## YOUR TASK
Pictures stay out; everything else in the records below gets copied exactly.

== Segment start ==

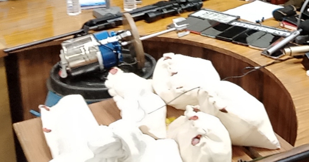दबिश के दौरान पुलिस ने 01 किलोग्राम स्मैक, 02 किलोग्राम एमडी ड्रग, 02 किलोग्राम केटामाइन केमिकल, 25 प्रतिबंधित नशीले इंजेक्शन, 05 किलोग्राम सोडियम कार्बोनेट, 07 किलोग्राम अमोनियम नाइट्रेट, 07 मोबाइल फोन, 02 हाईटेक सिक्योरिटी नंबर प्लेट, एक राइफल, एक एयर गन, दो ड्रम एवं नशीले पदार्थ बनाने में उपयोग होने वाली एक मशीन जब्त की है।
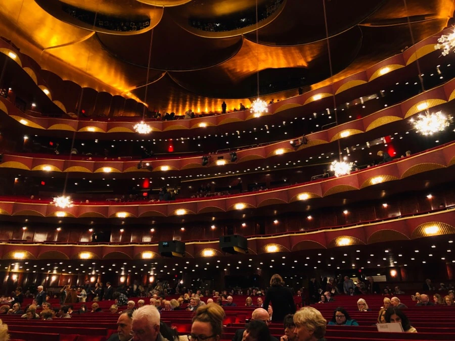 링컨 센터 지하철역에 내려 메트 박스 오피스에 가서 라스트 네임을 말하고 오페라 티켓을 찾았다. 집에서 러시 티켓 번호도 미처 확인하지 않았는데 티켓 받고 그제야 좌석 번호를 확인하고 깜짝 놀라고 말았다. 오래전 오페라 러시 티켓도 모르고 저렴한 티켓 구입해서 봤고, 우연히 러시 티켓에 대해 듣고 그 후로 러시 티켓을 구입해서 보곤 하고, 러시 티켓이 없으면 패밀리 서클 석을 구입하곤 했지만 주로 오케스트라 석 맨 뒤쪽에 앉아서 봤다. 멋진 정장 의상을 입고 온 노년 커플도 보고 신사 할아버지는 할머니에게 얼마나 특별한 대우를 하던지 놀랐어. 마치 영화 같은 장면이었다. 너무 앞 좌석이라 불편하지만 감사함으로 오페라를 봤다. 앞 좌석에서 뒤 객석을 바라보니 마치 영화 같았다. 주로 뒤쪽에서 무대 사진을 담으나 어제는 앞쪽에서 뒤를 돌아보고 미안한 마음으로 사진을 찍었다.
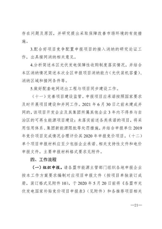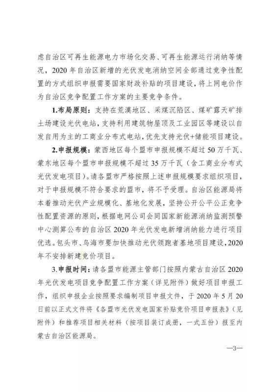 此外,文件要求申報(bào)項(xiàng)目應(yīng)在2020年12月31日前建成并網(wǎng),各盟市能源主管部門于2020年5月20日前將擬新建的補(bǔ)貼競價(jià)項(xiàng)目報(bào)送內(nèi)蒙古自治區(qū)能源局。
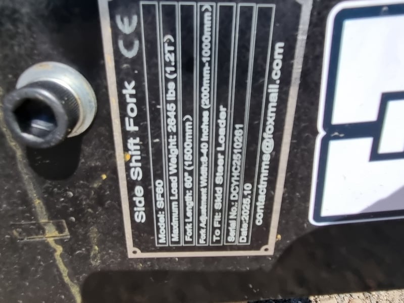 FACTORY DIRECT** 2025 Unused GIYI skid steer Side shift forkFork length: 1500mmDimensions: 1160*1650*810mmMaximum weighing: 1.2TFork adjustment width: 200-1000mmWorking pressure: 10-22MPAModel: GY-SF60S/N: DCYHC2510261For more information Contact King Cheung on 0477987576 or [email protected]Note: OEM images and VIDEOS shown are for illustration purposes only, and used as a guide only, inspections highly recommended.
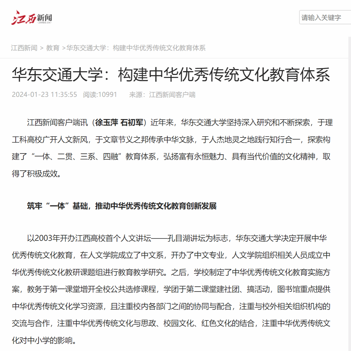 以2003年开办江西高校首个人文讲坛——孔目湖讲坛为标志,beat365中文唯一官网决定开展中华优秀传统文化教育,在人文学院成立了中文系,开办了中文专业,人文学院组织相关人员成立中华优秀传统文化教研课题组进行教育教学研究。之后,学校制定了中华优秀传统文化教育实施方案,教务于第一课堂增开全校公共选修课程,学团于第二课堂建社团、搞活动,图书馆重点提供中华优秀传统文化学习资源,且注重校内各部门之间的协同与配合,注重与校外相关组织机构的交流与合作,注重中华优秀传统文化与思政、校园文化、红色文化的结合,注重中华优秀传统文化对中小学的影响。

== Segment end ==

## RESULT FOR THIS TASK
दबिश के दौरान पुलिस ने 01 किलोग्राम स्मैक, 02 किलोग्राम एमडी ड्रग, 02 किलोग्राम केटामाइन केमिकल, 25 प्रतिबंधित नशीले इंजेक्शन, 05 किलोग्राम सोडियम कार्बोनेट, 07 किलोग्राम अमोनियम नाइट्रेट, 07 मोबाइल फोन, 02 हाईटेक सिक्योरिटी नंबर प्लेट, एक राइफल, एक एयर गन, दो ड्रम एवं नशीले पदार्थ बनाने में उपयोग होने वाली एक मशीन जब्त की है।
 링컨 센터 지하철역에 내려 메트 박스 오피스에 가서 라스트 네임을 말하고 오페라 티켓을 찾았다. 집에서 러시 티켓 번호도 미처 확인하지 않았는데 티켓 받고 그제야 좌석 번호를 확인하고 깜짝 놀라고 말았다. 오래전 오페라 러시 티켓도 모르고 저렴한 티켓 구입해서 봤고, 우연히 러시 티켓에 대해 듣고 그 후로 러시 티켓을 구입해서 보곤 하고, 러시 티켓이 없으면 패밀리 서클 석을 구입하곤 했지만 주로 오케스트라 석 맨 뒤쪽에 앉아서 봤다. 멋진 정장 의상을 입고 온 노년 커플도 보고 신사 할아버지는 할머니에게 얼마나 특별한 대우를 하던지 놀랐어. 마치 영화 같은 장면이었다. 너무 앞 좌석이라 불편하지만 감사함으로 오페라를 봤다. 앞 좌석에서 뒤 객석을 바라보니 마치 영화 같았다. 주로 뒤쪽에서 무대 사진을 담으나 어제는 앞쪽에서 뒤를 돌아보고 미안한 마음으로 사진을 찍었다.
 此外,文件要求申報(bào)項(xiàng)目應(yīng)在2020年12月31日前建成并網(wǎng),各盟市能源主管部門于2020年5月20日前將擬新建的補(bǔ)貼競價(jià)項(xiàng)目報(bào)送內(nèi)蒙古自治區(qū)能源局。
 FACTORY DIRECT** 2025 Unused GIYI skid steer Side shift forkFork length: 1500mmDimensions: 1160*1650*810mmMaximum weighing: 1.2TFork adjustment width: 200-1000mmWorking pressure: 10-22MPAModel: GY-SF60S/N: DCYHC2510261For more information Contact King Cheung on 0477987576 or [email protected]Note: OEM images and VIDEOS shown are for illustration purposes only, and used as a guide only, inspections highly recommended.
 以2003年开办江西高校首个人文讲坛——孔目湖讲坛为标志,beat365中文唯一官网决定开展中华优秀传统文化教育,在人文学院成立了中文系,开办了中文专业,人文学院组织相关人员成立中华优秀传统文化教研课题组进行教育教学研究。之后,学校制定了中华优秀传统文化教育实施方案,教务于第一课堂增开全校公共选修课程,学团于第二课堂建社团、搞活动,图书馆重点提供中华优秀传统文化学习资源,且注重校内各部门之间的协同与配合,注重与校外相关组织机构的交流与合作,注重中华优秀传统文化与思政、校园文化、红色文化的结合,注重中华优秀传统文化对中小学的影响。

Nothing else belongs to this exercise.